Что же представляют собой рисунки этого альбома? В них нет еще борьбы за желаемое. На бумаге получалось не то, что хочется, а то, что «вышло». Кроме, пожалуй, одного случая, когда я попробовал изобразить скачущую лошадь на повороте дороги. Никак не удавался ракурс. Лошадь либо скакала поперек, упираясь прямо в гору, либо казалась упавшей. Бумага в этом месте почти насквозь протерта резинкой, а лошадь вместе с всадником так и лежит на боку в скачущей позе. В остальном же рисунки просто детские. Серые слоны идут по желтой пустыне. Война в горах, и сотни малюсеньких человечков с ружьями рассыпаны по скалам и пещерам.
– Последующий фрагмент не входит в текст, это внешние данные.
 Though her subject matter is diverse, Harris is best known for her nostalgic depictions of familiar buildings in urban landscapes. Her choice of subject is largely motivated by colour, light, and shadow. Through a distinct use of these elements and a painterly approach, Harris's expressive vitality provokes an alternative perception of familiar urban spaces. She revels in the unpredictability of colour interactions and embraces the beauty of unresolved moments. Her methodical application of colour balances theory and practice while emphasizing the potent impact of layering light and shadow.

Такие «зарисованные рассказы» всегда кажутся хорошими. Никакого труда для ребят они не составляют, а бездумная свобода, с которой ребята обращаются с цветом и формой, создает иллюзию качества, на которую часто ловятся экзальтированные или сентиментальные взрослые.
В девять-десять лет произошли первые встречи с какой-то определенной задачей, с необходимостью изобразить не «условный знак» вещи, превращающийся в вещь только внутри фантазии автора, а самую вещь. Первые встречи с натурой.
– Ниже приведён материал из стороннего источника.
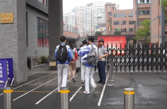 在校门口,老师身穿红色旗袍,用微笑迎接着每一位即将走上考场的学生,声音热烈地喊着"加油 ",希望考生们都能自信从容地迎接他们人生中的第一场大考。

Эти работы внешне менее эффектны и более беспомощны, но тем не менее это честные работы. Наивная детскость пропала, но заменилась не дилетантством, а просто неумением.
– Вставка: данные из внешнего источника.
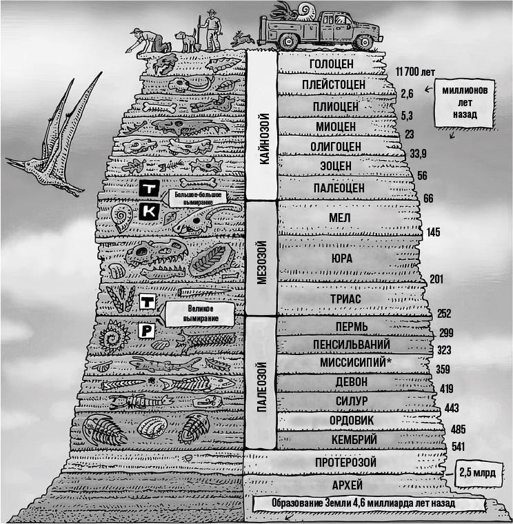 На рисунке выше отражены геологические эры (кайнозой, мезозой, палеозой, протерозой, архей) и входящие в них периоды. Однако кайнозой подразделяется здесь не не на периоды, а на эпохи (палеоцен, эоцен и т.д.), на которые периоды делятся. Общую стратиграфическую шкалу см. . — Прим. науч. ред.

Мой маленький холст с морем, сосной и лодкой на песке, о котором я говорил в начале этой главы, никто бы не принял на выставку детского рисунка, которые так любят устраивать педагоги и знатоки «детского творчества». Нет ничего эффектного в этой маленькой картинке с грязными красками. Я очень неумело и старательно их мешал, потому что передо мной море не было детски синим, а песок оказался вовсе не желтым, каким я когда-то рисовал его, изображая слонов в пустыне. Но сквозь неумелость и беспомощность все-таки видны и некоторые достижения желаемого. Видна форма лодки, не вообще всякой лодки, а именно той, которая была перед глазами. Видна серость дождливого неба, почти неотличимого по цвету от чуть зеленоватого моря. И как бы ни был плох этот маленький пейзаж, сейчас я вижу, что он был движением вперед.
А вот и другой этюд. Тот самый, который я писал в тринадцать лет, сидя в сосновом лесу. Конечно, в этой работе гораздо больше умения, чем в сером пейзаже Рижского взморья, но гордиться ни перед собой, ни перед монахом было нечем. «Умелость» жирного мазка и ярких красок обнаруживает только дилетантство. (Много позже, уже будучи актером, я узнал, что подобный путь создания роли Станиславский называет «играть результат». Этот путь самый легкий и самый гибельный.) Ощущение владения кистью перешло в прием, а прием в штамп. Пусть этот штамп еще наивный и детский, но все-таки он родил кокетство мазком, яркостью, контрастом. «Кривая» пошла вниз. К счастью, ненадолго.